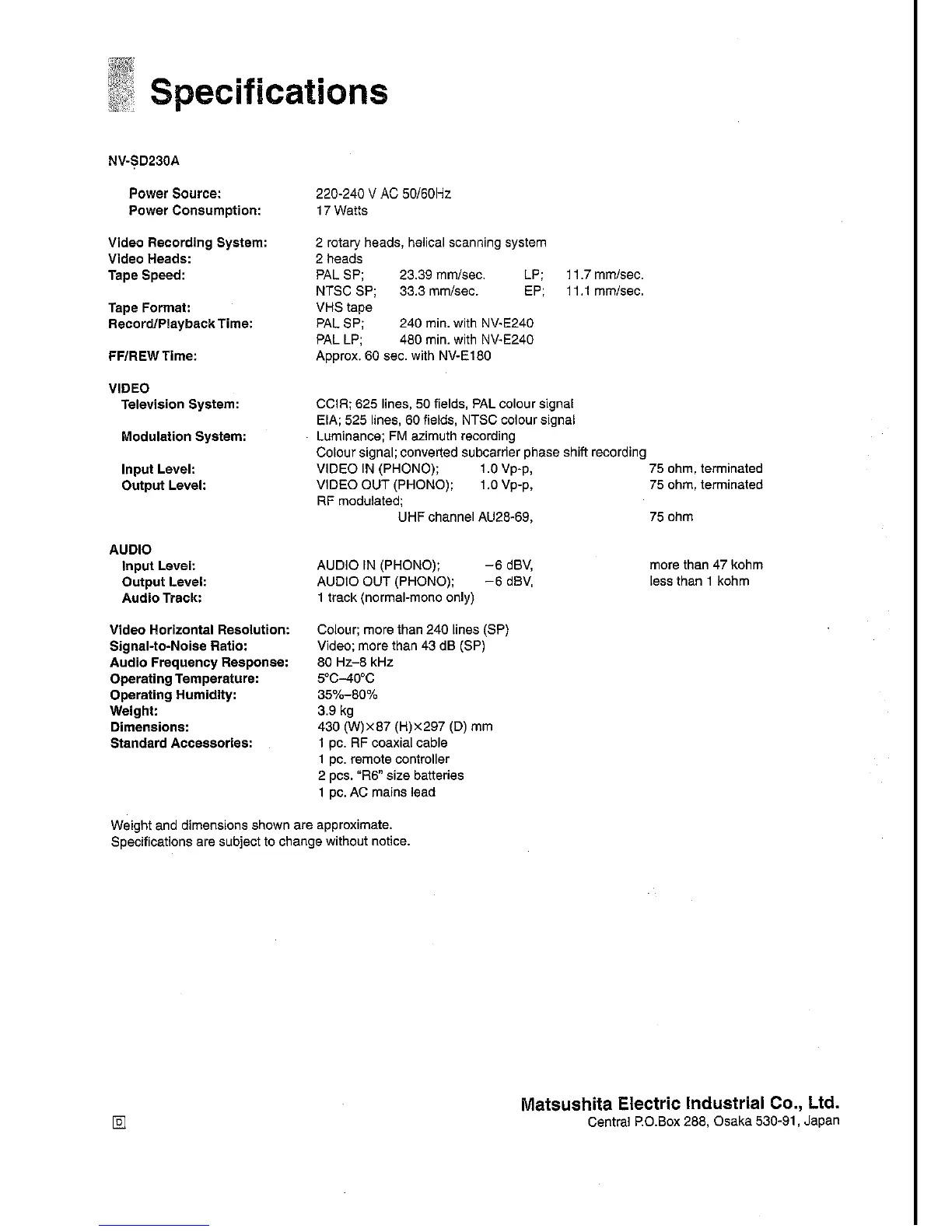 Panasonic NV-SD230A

...

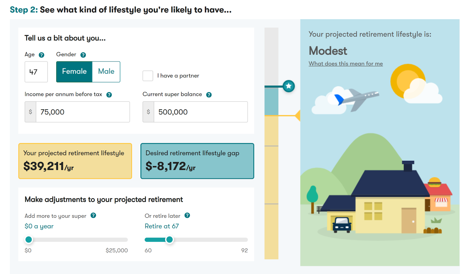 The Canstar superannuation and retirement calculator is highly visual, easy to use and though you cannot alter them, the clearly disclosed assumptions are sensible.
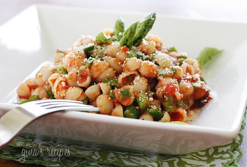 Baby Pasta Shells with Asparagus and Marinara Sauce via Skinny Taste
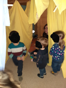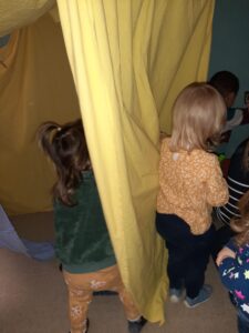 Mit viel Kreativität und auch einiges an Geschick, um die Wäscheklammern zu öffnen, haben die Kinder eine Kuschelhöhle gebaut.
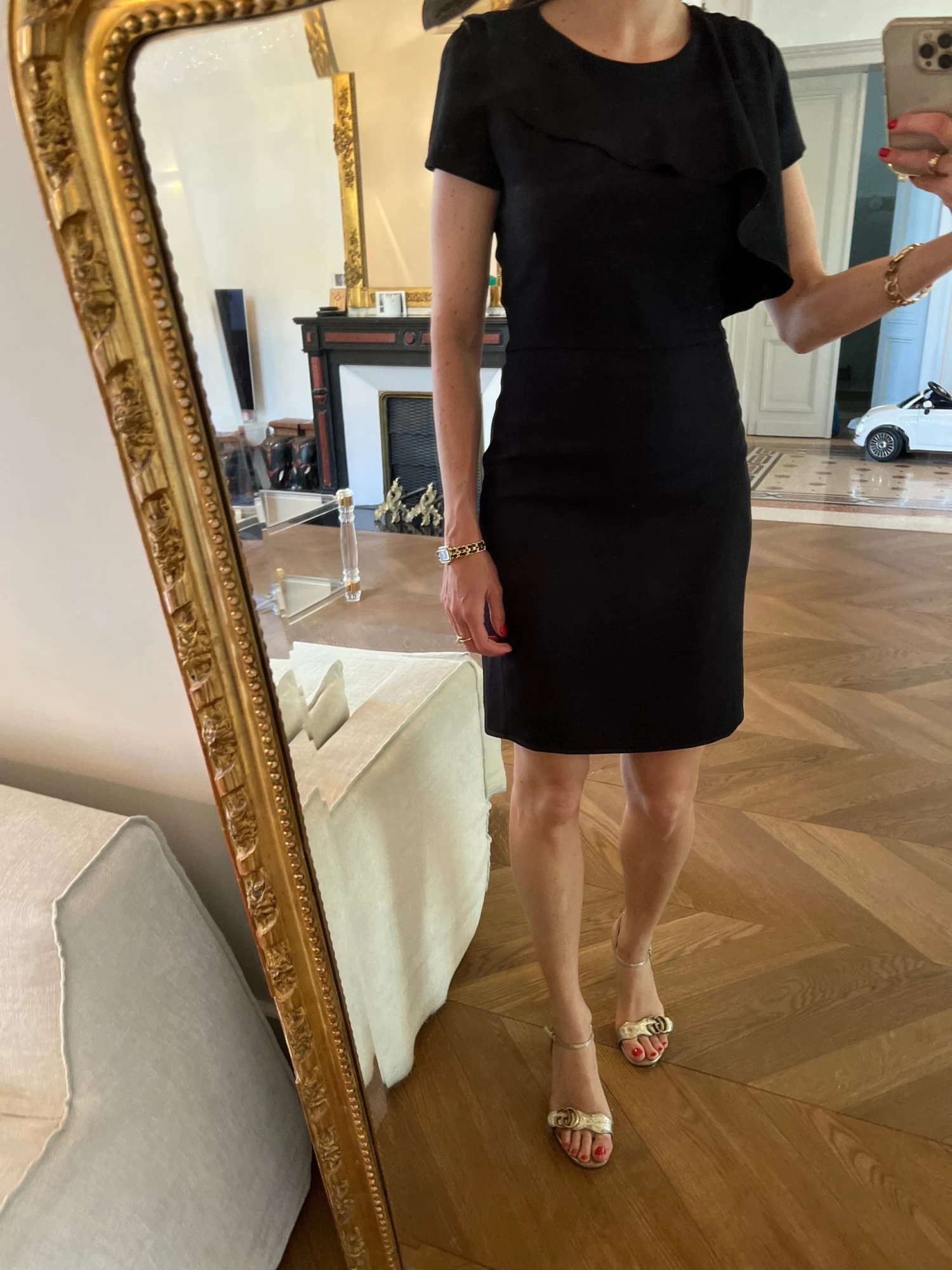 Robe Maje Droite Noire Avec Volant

**Task item:** Although pictures appear among the entries, please set down only the lines from the one with "The Canstar superannuation" up to and including the one with "Robe Maje Droite Noire Avec Volant", word for word.

**Response area:**
 The Canstar superannuation and retirement calculator is highly visual, easy to use and though you cannot alter them, the clearly disclosed assumptions are sensible.
 Baby Pasta Shells with Asparagus and Marinara Sauce via Skinny Taste
 Mit viel Kreativität und auch einiges an Geschick, um die Wäscheklammern zu öffnen, haben die Kinder eine Kuschelhöhle gebaut.
 Robe Maje Droite Noire Avec Volant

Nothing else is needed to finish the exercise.